When you're scrambling to arrive at work on time, then it's easy to neglect a healthy breakfast and stop by for a muffin or bagel on the way. Big dieting mistake! You'll unavoidably have that midmorning crash which will send you running for the closest vending machine. Eating a nutritious, satisfying breakfast is critical if you are attempting to lose weight. It revs up your metabolism for the day and supplies the energy you need to keep going.

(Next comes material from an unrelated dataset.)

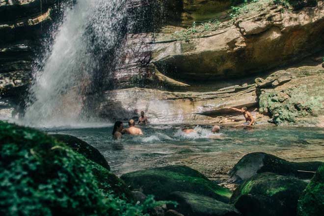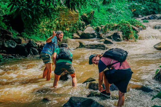 Cuban farmers are coming back from their fields in the mountains, riding through the riverbed on their horses as we cross the wobbly bridge towards a tiny restaurant. If you've got the time, come here! The ride up here itself is already a little adventure!

Combining fresh fruit, juice, low fat milk and yogurt with whey protein powder will make a tasty smoothie which you can take along with you as you head out for the day. You could also add things like bran or corn flakes, granola and flax seed. Along with the protein, you'll get plenty of fiber and nutrients from the fresh fruit. When you do have enough time to cook in the morning, try adding a scoop of protein powder to your waffle or pancake batter. You'll add protein to foods where there typically wouldn't be any.

This fruit and bran shake recipe is filling and can be made in minutes. You will need 1 cup of apple juice, 1/2 a ripe banana, 1/3 cup sliced blueberries or peaches, 1 teaspoon of bran, 3 tablespoons of protein powder, and 6 ice cubes. Combine these ingredients in a blender and mix together until thick and smooth. If the shake is too thick, simply add more juice or some low fat milk until you get the consistency you prefer.

More than Shakes

Protein powders aren't only for shakes. You can add it to just about any dish because of its solubility. Whey protein powder is particularly great to cook with as it dissolves more thoroughly than other kinds of powder. Experiment with mixing a scoop of protein powder into soups, sauces, gravies and even mashed potatoes. Protein enriched powders may also be incorporated into most baked goods. Try adding a bit of vanilla protein powder to your favorite sugar free cake recipe or chocolate flavored powder to muffin mix. It really adds some tasty sweetness without any empty calories.

Protein enriched bars are a great choice for breakfast and snacks, and they're surprisingly easy to make. In a medium sized pan, combine 1 cup reduced fat peanut butter (natural if possible), 10 tablespoons natural honey, 3 scoops whey protein powder, 2 cups oats, and 1 cup milk. You could also add some protein rich ingredients such as sunflower seeds, slivered almonds, or dried fruit such as raisins, cranberries and apricots. Stir until the mixture is well mixed and leave it in the refrigerator overnight. In the morning, cut it up into bars and you'll be able to enjoy a healthy breakfast containing protein powder that is ready to go.

These double chocolate peanut butter protein bars are a terrific snack in the middle of the afternoon when you need something to tide you over till dinner. You'll need 1/4 cup low fat peanut butter, 3 scoops of chocolate protein powder, 3 tablespoons of fat free chocolate syrup, and around 2 tablespoons of water. In a bowl, mix together the peanut butter and chocolate syrup. Add the protein and enough water to moisten it a little. Place the mixture on waxed paper or plastic wrap, and knead by hand for several seconds to mix the ingredients. Flatten and cut into four bars, wrapping them individually in plastic wrap. Store them in the refrigerator so they stay fresh.

Protein powders and supplements might help you slim down by decreasing your caloric intake, however, you shouldn't depend on them for the majority of your nutritional requirements. Try making your breakfast oatmeal with milk instead of water and snack on low fat cheese. Cut up a boiled egg onto your salad or add some nutritious and tasty chick peas. These are all tasty, healthy ways of following a high protein diet without adding too many extra calories.

Remember, the secret to weight loss is burning more calories than you eat. Choose healthy foods like fruits, veggies, whole grains and lean protein, and get moving every day. Weight loss is important but you also need to get some pleasure from the foods you eat.

Comments

Tony @ Best Protein Powder 19 months ago

Great article! I never heard about the Journal of Nutrition study which revealed "that eating a high protein diet in conjunction with regular exercise gave a boost to weight and fat loss and also improved blood fat levels." but it sounds interesting!